> [Activity]:
Line by line, restate the material word for word, omitting any image.
[Opening Information supplied section]
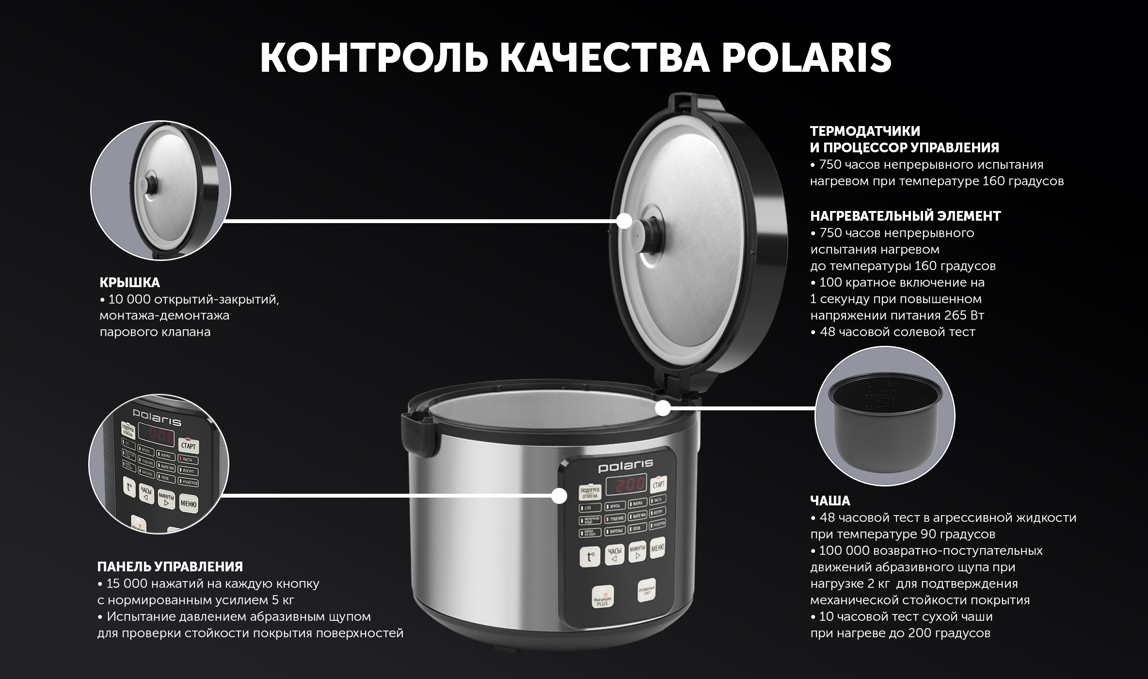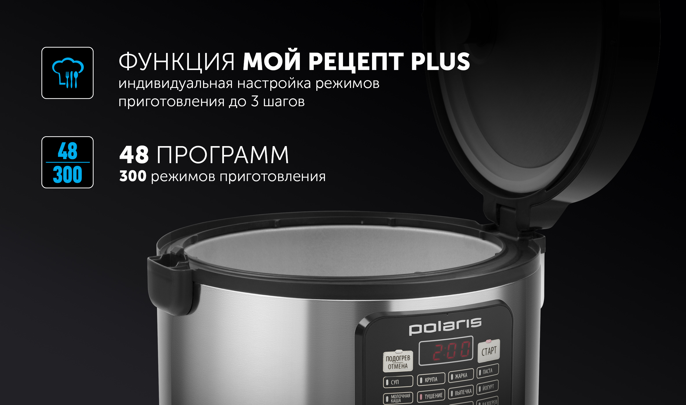 аккуратная и надёжная сборка, дизайн, хороший объём чаши, количество программ, в управлении всё понятно и просто, крышка открывается хорошо, долго держит тепло, комплектность, производитель даёт гарантию
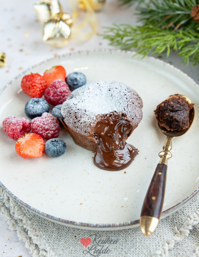 Chocolade lava cakejes zijn pure verwennerij: een zacht gebakken chocoladecakeje met een lopende vulling die eruit stroomt bij de eerste hap. Serveer ze met wat vers fruit, zoals frambozen, aardbeien en blauwe bessen, voor de perfecte balans. Een heerlijk dessert waar je iedereen blij mee maakt.
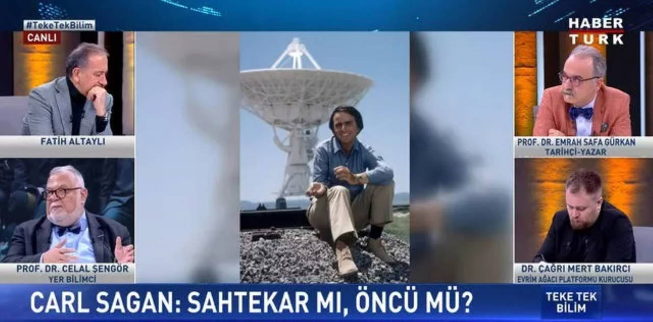 Yayında Sagan'ı da eleştiren Celal Şengör ise Gürkan'a dönerek "Sen şimdi Carl Sagan'ı s....et. Sen tarihçisin" dedi. Şengör'ün canlı yayındaki bu sözleri ise tarihçi Gürkan'ı kahkaha krizine soktu.
[Closing Information supplied section]
> [Answer space]:
 аккуратная и надёжная сборка, дизайн, хороший объём чаши, количество программ, в управлении всё понятно и просто, крышка открывается хорошо, долго держит тепло, комплектность, производитель даёт гарантию
 Chocolade lava cakejes zijn pure verwennerij: een zacht gebakken chocoladecakeje met een lopende vulling die eruit stroomt bij de eerste hap. Serveer ze met wat vers fruit, zoals frambozen, aardbeien en blauwe bessen, voor de perfecte balans. Een heerlijk dessert waar je iedereen blij mee maakt.
 Yayında Sagan'ı da eleştiren Celal Şengör ise Gürkan'a dönerek "Sen şimdi Carl Sagan'ı s....et. Sen tarihçisin" dedi. Şengör'ün canlı yayındaki bu sözleri ise tarihçi Gürkan'ı kahkaha krizine soktu.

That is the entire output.